6 Deterministic concurrent programming

"One of the major problems of concurrent programming is nondeterminism. An execution of a program is nondeterministic if at some point during the execution there is a choice of what to do next. Nondeterminism appears naturally when there is concurrency: since two concurrent activities are independent, the program’s specification cannot say which executes first. If there are several threads ready to run, then in each execution state the system has to choose which thread to execute next. This choice can be done in different ways; typically there is a part of the system called the scheduler that makes the choice.

"Nondeterminism is very hard to handle if it can be observed by the user of the program. Observable nondeterminism is sometimes called a race condition."

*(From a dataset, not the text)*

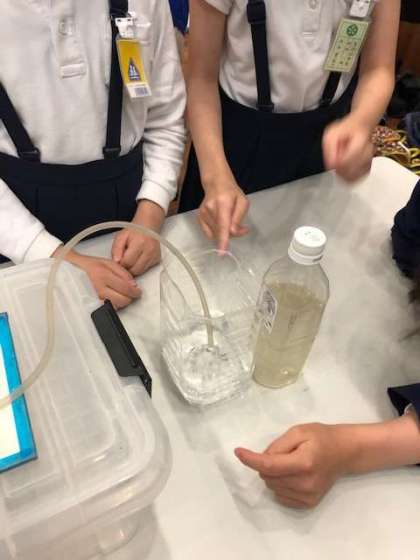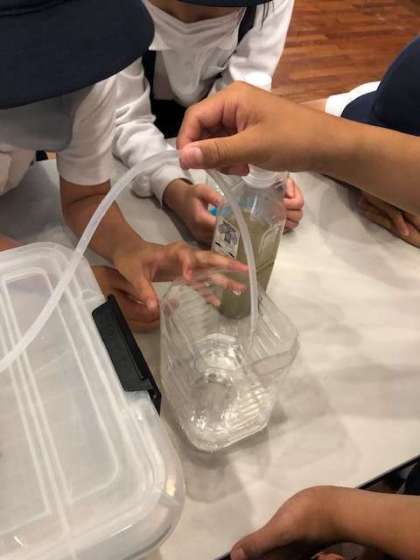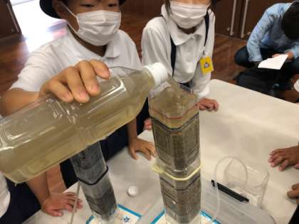 施設内見学を終えたあとで、淀川の水がきれいになるまでの実験を行いました。

6.1 Avoiding nondeterminism in a concurrent language

"We can solve this problem by making a clear distinction between nondeterminism inside the system, which cannot be avoided, and observable nondeterminism, which may be avoidable. We solve the problem in two steps:

First, we limit observable nondeterminism to those parts of the program that really need it. The other parts should have no observable nondeterminism.
Second, we define the language so that it is possible to write concurrent programs without observable nondeterminism.

Is it possible to have a concurrent language without observable determinism?

Concurrent paradigm	Races possible?	Inputs can be nondeterministic?	Example languages
Declarative concurrency	No	No	Oz, Alice
Constraint programming	No	No	Gecode, Numerica
Functional reactive programming	No	Yes	FrTime, Yampa
Discrete synchronous programming	No	Yes	Esterel, Lustre, Signal
Message-passing concurrency	Yes	Yes	Erlang, E

Declarative concurrency (also called monotonic dataflow). In this paradigm, deterministic inputs are received and used to calculate deterministic outputs. This paradigm lives completely in a deterministic world. If there are multiple input streams, they must be deterministic, i.e., the program must know exactly what input elements to read to calculate each output (for example, there could be a convention that exactly one element is read from each input stream). Two languages that implement this paradigm are Oz [50, 34] and Alice [38]. This paradigm can be made lazy without losing its good properties. The paradigm and its lazy extension are explained in more detail in Section 6.2. Constraint programming is related to declarative concurrency and is explained in Section 7.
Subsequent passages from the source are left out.